The thief on the cross was a follower of Barabbas. Barabbas was a thief in the hills around Jerusalem. There were a number of these fellows with their bands of followers. What is interesting is that some of these leaders claimed to be the expected Messiah, and some of their followers believed them to be just that. With that in mind, IF the thief on the cross had been looking for the Messiah and suddenly realized he had followed the wrong one, then you don't have a 'last minute conversion' in the sense that is being talked about here, but you have a searcher who finally found what he was searching for at the last minute.
I have a feeling that many 'last minute' or deathbed conversions run along this line. My dad's did. He had been searching for the truth his whole life and taught us to do the same. But it was not until he was dying -- about a couple of months before -- that he asked me, finally, about my faith. I told him my story. He patted me on the knee and said, "Well, you're one kid I won't have to worry about."
He got sicker and sicker. Sometime during that last two months of his life, the Lord showed Dad that HE is the way, the truth and the life. My Dad fully embraced that and died full of joy.

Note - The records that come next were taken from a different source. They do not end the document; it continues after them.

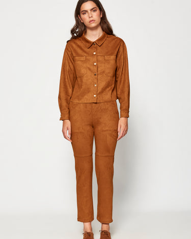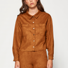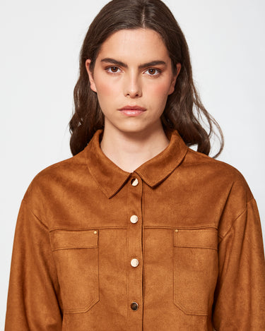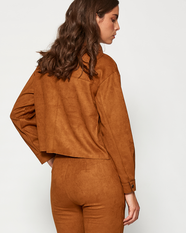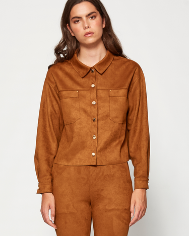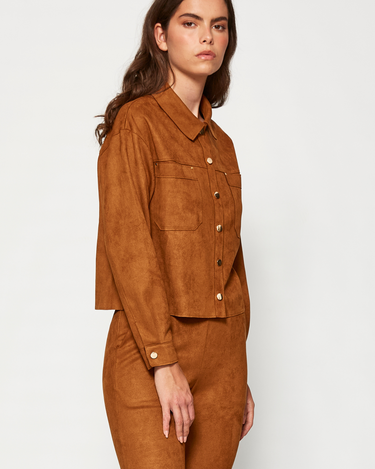 This dark khaki shirt, crafted in a soft suede-like fabric, is perfect for fall and winter layering. Featuring button-down styling and functional chest pockets, its slightly cropped fit adds a modern touch while keeping you comfortably warm. Ideal for adding a refined, seasonal layer to your wardrobe.
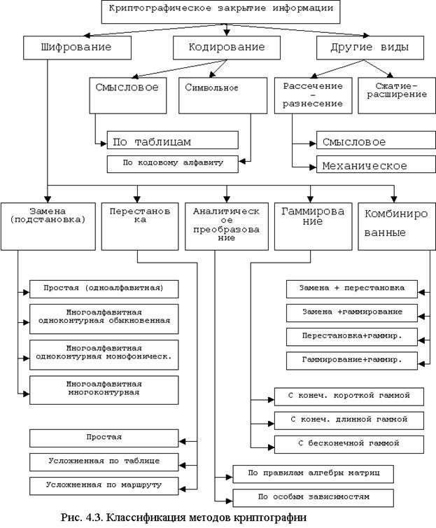 Для построения средств защиты от НСД необходимо иметь представление о методах криптографии. Их классификация приведена на рис. 4.3. Сам процесс криптографического закрытия данных может осуществляться как программно, так и аппаратно, однако аппаратная реализация обладает рядом преимуществ, главным из которых является высокая производительность. Сформулирована следующая система требований к алгоритму шифрования: · зашифрованный текст должен поддаваться чтению только при наличии ключа шифрования, · число операций для определения использованного ключа шифрования по фрагменту шифрованного текста и соответствующему ему открытого текста, должно быть не меньше общего числа возможных ключей, · знание алгоритма шифрования не должно влиять на надежность защиты, · незначительные изменения ключа шифрования должны приводить к существенному изменению вида зашифрованного текста, · незначительные изменения шифруемого текста должны приводить к существенному изменению вида зашифрованного текста даже при использовании одного и того же ключа, · длина шифрованного текста должна быть равна длине исходного текста, · любой ключ из множества возможных должен обеспечивать надежную защиту информации, · алгоритм должен допускать как программную, так и аппаратную реализацию. /6/ Современные широко применяемые методы шифрования можно разделить на два наиболее общих типа: с секретным ключом и с открытым ключом. Шифрование с секретным ключом симметрично – ключ, с помощью которого текст шифруется, применяется и для его дешифровки. Шифрование с открытыми ключами осуществляется с помощью двух ключей, поэтому оно относится к асимметричным системам шифрования. Открытый ключ не является секретным; более того, его доступность для всех и каждого, например за счет публикации в каталоге или включения в незащищенное сообщение электронной почты, имеет принципиальное значение для функционирования всей системы. Другой ключ, личный, служит для шифрования текстов, дешифруемых с помощью открытого ключа. /8/
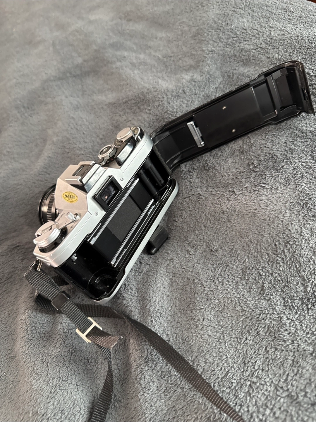 35mm film camera. Includes lens and strap. Classic design. Great for photography enthusiasts.
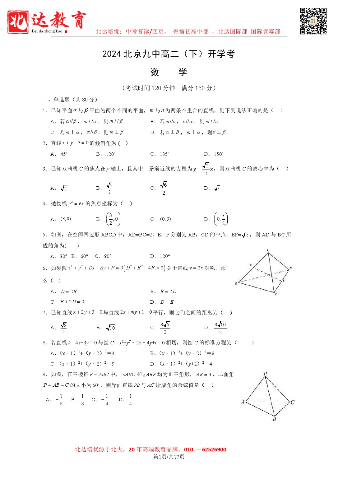 2024北京各中学高二开学考已结束,为了方便同学们查找相关试题,admw360高考网特意整理了2023-2024学年北京九中高二下开学考数学试题及答案,需要的同学赶紧下载练习吧。
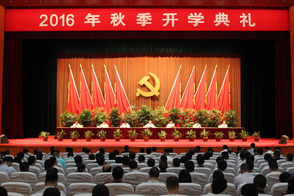 本网讯 8月31日上午,AG百家乐官网、百家乐游戏2016年秋季开学典礼在市委党校大礼堂隆重举行。市委常委、市委组织部部长、市委党校校长徐泽洲出席开学典礼,并就学习贯彻习近平总书记“七一”重要讲话精神作动员报告,强调领导干部要从历史、信仰、责任、宗旨、标准五个方面,当好“不忘初心、继续前进”的表率。副市长、百家乐游戏院长时光辉主持开学典礼。市委党校常务副校长、百家乐游戏常务副院长王国平作教学总体安排说明。
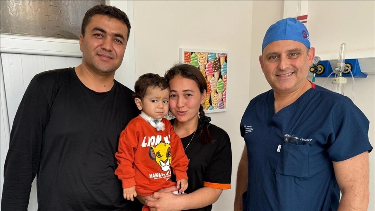 Özbekistan'daki ameliyatlar sonucu yemek borusu iptal edilen ve karnına konulan tüp aracılığıyla beslenmeye başlayan bebeğin solunumunu da cihaza bağlı olarak gırtlağından yapması sağlandı.
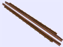It is a track object: To make railway crossings (diamond junction or diamond crossing) at the same level. Length 5m, rail gauge 610mm, with 13 bolts with union screws from the rail to the check rail (model B) every 40cm. Version or finish 2. For straight track and level with the ground. With spikes on the checkrails. Rail crossing designed for rail 30kg per meter, approximately 60.5 pounds per yard, suitable for medium rail. Rail 12 cm high. New version with the addition of the ''follow-gradient 1'' tag, to adapt to the inclinations of the railway track.
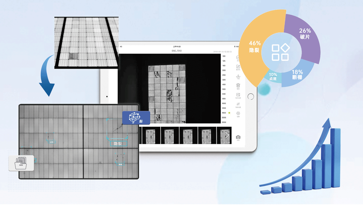 | 隱裂、斷柵、碎片、破片、燒結、虛焊、過刻、低效率片、混檔、衰減、熱斑衰減、PID |
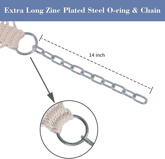 - Handcrafted Ropes: The heavy duty polyester ropes are hand-woven with comfortable, long-lasting threads woven by the hammock artisans. The 18 ropes are collected together and woven into a triangle pattern which is pleasing to eyes. O-shaped steel ring attaches the ropes and the chain

But I have serious reservations that a person who has been preferring the lie his or her whole life is going to make a last minute switch. They get hardened, the Bible tells us....

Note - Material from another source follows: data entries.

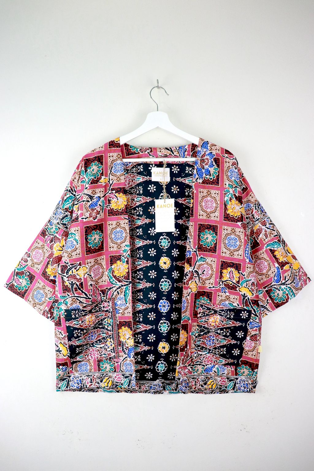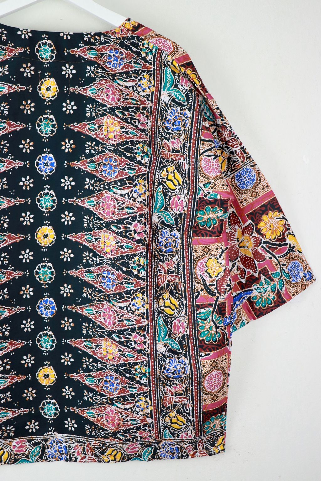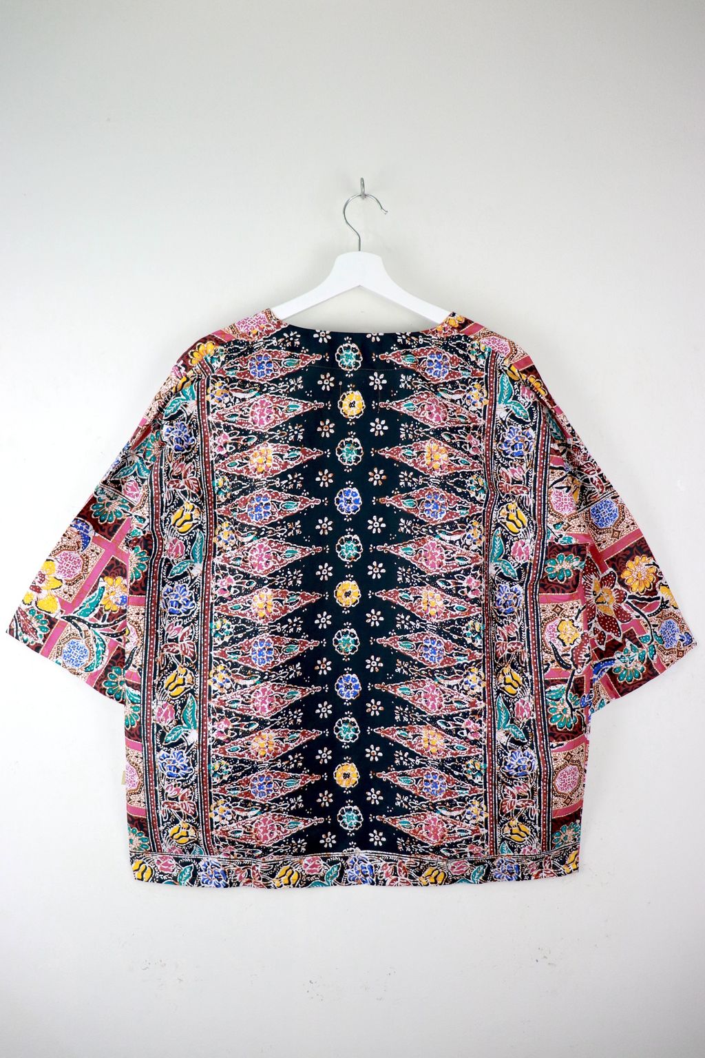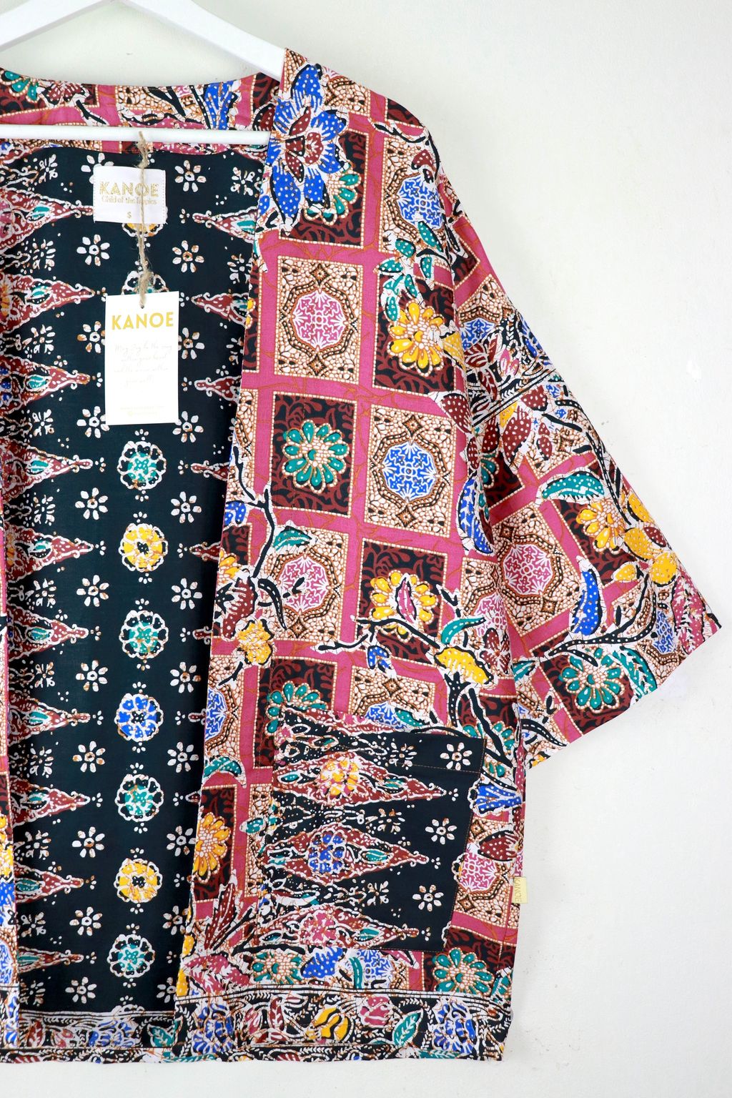 When we are stuck at home wearing a basic spaghetti strap top at home and the door bell rings, throw on this kimono before heading out to collect that parcel. Or if your boss calls you last minute for a zoom call. Throw on this batik kimono!
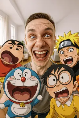 Промт: Ultra-realistic 9:16 vertical format fisheye selfie of me with [Shinchan, Doraemon, Naruto, Nobita]. We’re all making silly, exaggerated faces. Set in a small, bright living room with white tones. High camera angle. Extreme fisheye distortion. Realistic, cinematic lighting, anime characters integrated with stylized realism.
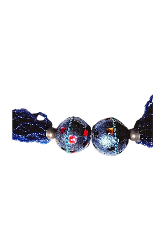 Collar Fantasía bolas y cuentas de cristal color azul marino
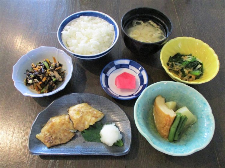 ご飯、舞茸のみそ汁、めばるの山椒焼き、かぶの煮物、ひじきの炒め物、ほうれん草の和え物、
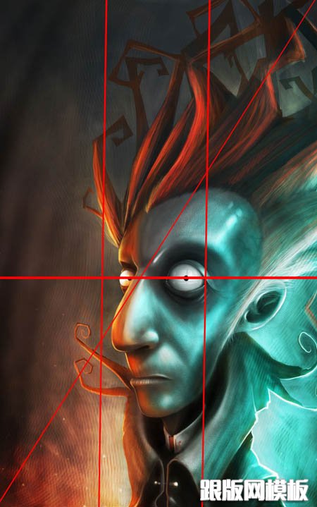 作为最后一步,大家可以看看这幅画的布局构成。即使是世界上最好的艺术作品,也会有不足,没有完美的作品。布局的不同对画面的影响是完全不同的。对于这件作品,我用的是一个正方形的构图,重点是眼睛部分作为所有画面的焦点。利用头发的不规则形状使整个画面更有激情,打破这种方形的结构。

There are some dearly loved and departed relatives I pray were not too hardened before death, but I come from a long line of non-Christians, and I am only one of two in my generation of siblings and cousins, I think, who has become a follower of Christ.
But if a person truly has wanted to know the truth and kept searching for it and following what he knows of it, the the Father will lead that person to Christ, and Christ will not turn him or her away -- no matter what time of life the conversion comes.